Just as we had to deploy application transformation management in Step 3, here we’ll implement and maintain data transformation management.

Now that the applications have been stabilized on a unified technical platform, their extraneous objects have been removed, and application transformation management has been installed, we’re ready to perform the bulk of the work to conform the seven different yet similar database schemas into a single, fully-normalized design along with a single MS Access application.

Steps 1-3 are all infrastructure orientated. During Step 4, new database application enhancements, required by the business, may be developed.

Conceptual Solution Architecture


Data is edited through the seven MS Access applications which are linked seven database schemas on the SQL Server.  Each applications’ creates, reads, updates, and delete (CRUD) operations inserts a new record into the corresponding audit table, which employs an effective dating algorithm. The staging environment extracts only the current records from the audit table layer and inserts them into the staging environment. The gateway performs extract, transform, and load (ETL) operations against the staging tables and inserts and updates the target destination tables. The frequency of gateway/ETL operations determines the latency between the source and target tables and may be adjusted.

Detailed Description of each object in the step 4 conceptual solution architecture

Seven MS Access Applications

The client’s original MS Access application forms and reports, with the metadata columns are added in Step 2.

Seven Database Applications on SQL Server

The client’s original database tables migrated to SQL Server with the supporting metadata columns are added in Step 2.

These database tables will be consolidated over time and conformed by the ETL process within the gateway, until all data resides only in the target tables, and all applications have been consolidated into a single, master MS Access application linked to the target tables.

The audit table layer requires its source to support database triggers and other high-performance Relational Database Management System (RDBMS) features not found within the MS Access technical platform, which is why the tables are moved to SQL Server.

Audit Table Layer

The audit layer is comprised of two types of objects: 1) tables to hold the contents of the CRUD operations, and 2) a set of read-only views that display only the current values for every record in the system.

Database Table Name / Audit Table / View


Every table in the SQL Server database instance has a sister audit table that is filled by a single insert for every CRUD operation.

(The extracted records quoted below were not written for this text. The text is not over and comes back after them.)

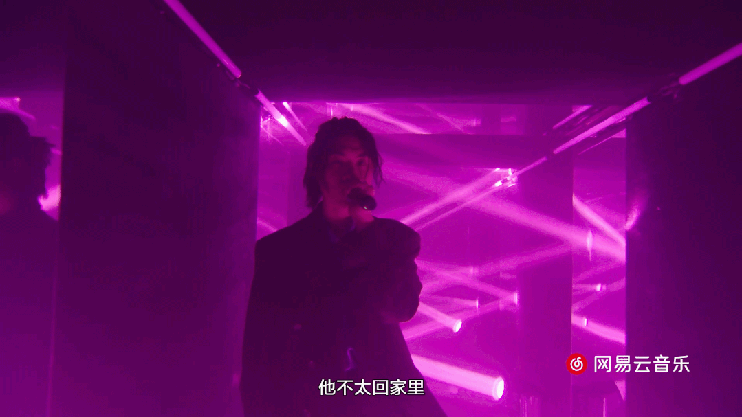 年度团队C-BLOCK的三位音乐人,专属定制了属于他们专色的空间,紫色代表着大傻音乐和内心的浪漫,金黄色灯柱场景代表了他音乐中的热忱与冲劲,拍摄上通过斯坦尼康一镜的方式链接不同表演者的Verse段落,也加入了更属于说唱音乐的镜头互动方式。
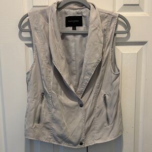 Chic and versatile Banana Republic sleeveless moto-style vest in a soft neutral beige/gray tone. Features an asymmetrical front zip with snap closures, two functional zippered pockets, and a modern tailored fit. Lightweight and perfect for layering.
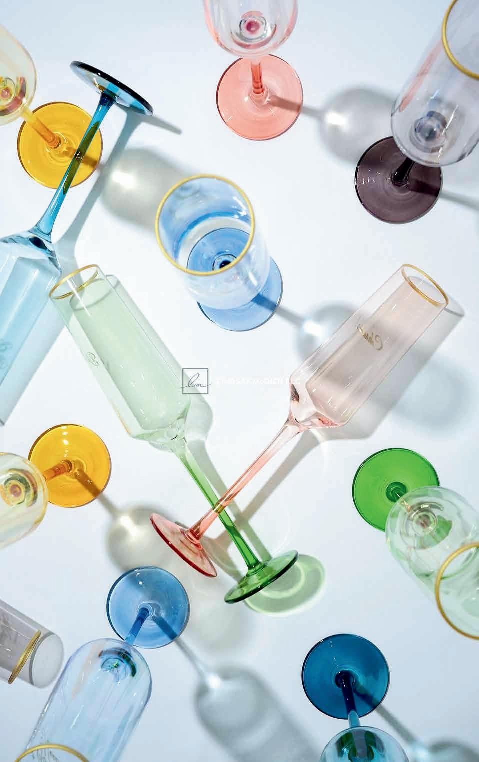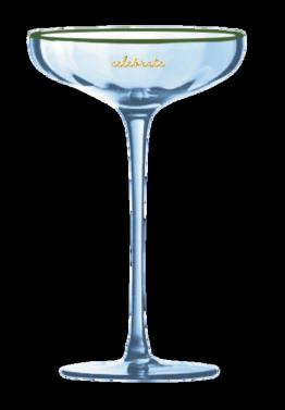 6 oz. colorful lead-free crystal coupe glass with contrasting rim & gold accents. Hand wash only.

For example, if GasDB1.Customer table has 500, records and 250 records receive some sort of CRUD operation, then the GasDB1Customer_audit table will contain 750 records. Every audit table uses an effective dating algorithm to keep track of the history of a record. This is performed by adding three new columns to every audit table:  1) effective_start_datetime, 2) effective_end_datetime, and 3) current_YN. In this example, only 500 of the 750 records in the audit table will have a current_YN=’Y’, while 250 records will have the current_YN=’N’.

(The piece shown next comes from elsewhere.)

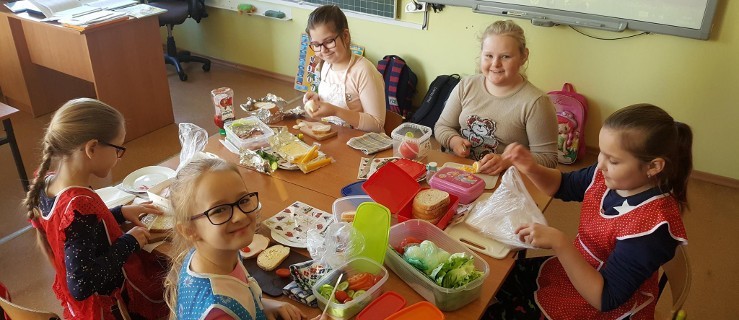 Dzieci przyniosły do szkoły potrzebne produkty. Można śmiało powiedzieć, że zadanie wykonały doskonale. Kanapki nie tylko były smaczne i zdrowe, ale także pięknie ozdobione i pełne witamin. Na robieniu kanapek skorzystała cała szkoła, bo uczniowie częstowali wszystkich. Z kolei klasa IV, żeby uczcić wiosnę, przygotowała sałatki z pomocą swojej pani, Beaty Matyjasik.

When a record is first created at Time1, its effective_start_date = sysdatetime, while its effective_end_datetime will equal something like 1/1/2050 12:00. One second later, another CRUD operation occurs against the same record located in the seven databases in the SQL Server layer, and a new record is inserted into the corresponding audit table at Time2 with the default datetime, but then the previous record’s effective_end_datetime is updated from 1/1/2050 12:00 to sysdatetime.

Time1: INSERT GasDB1.Customer.Name = ‘Fred’.

Audit table: INSERT GasDB1.Customer_audit.Name = ‘Fred’,
effective_end_datetime= ‘205001011200’,
current_YN = ‘Y’.

Then,  one second later…

Time2: UPDATE GasDB1.Customer.Name = ‘Fredrick’,

Audit table: UPDATE GasDB1.Customer_audit WHERE Name = ‘Fred’
SET effective_end_datetime= ‘205001011230’
current_YN = ‘N’.

Audit table: INSERT GasDB1.Customer_audit.Name = ‘Fredrick’,
effective_end_datetime= ‘205001011200’,
current_YN = ‘Y’.

The above describes how records flow into the _audit tables to form a history for every record change.  The _audit tables allow us to answer the question: What was the state of every single record in the system given a particular point in time, say, 11:59am yesterday.  Data consistency across all database tables becomes very important when pulling the data into the ETL process.

The _views, are stored queries written against the _audit tables that also leverage the effective dating algorithm to display only the most current instance of a given record.  Simply put, WHERE (table_name)_audit.current_YN=’Y’.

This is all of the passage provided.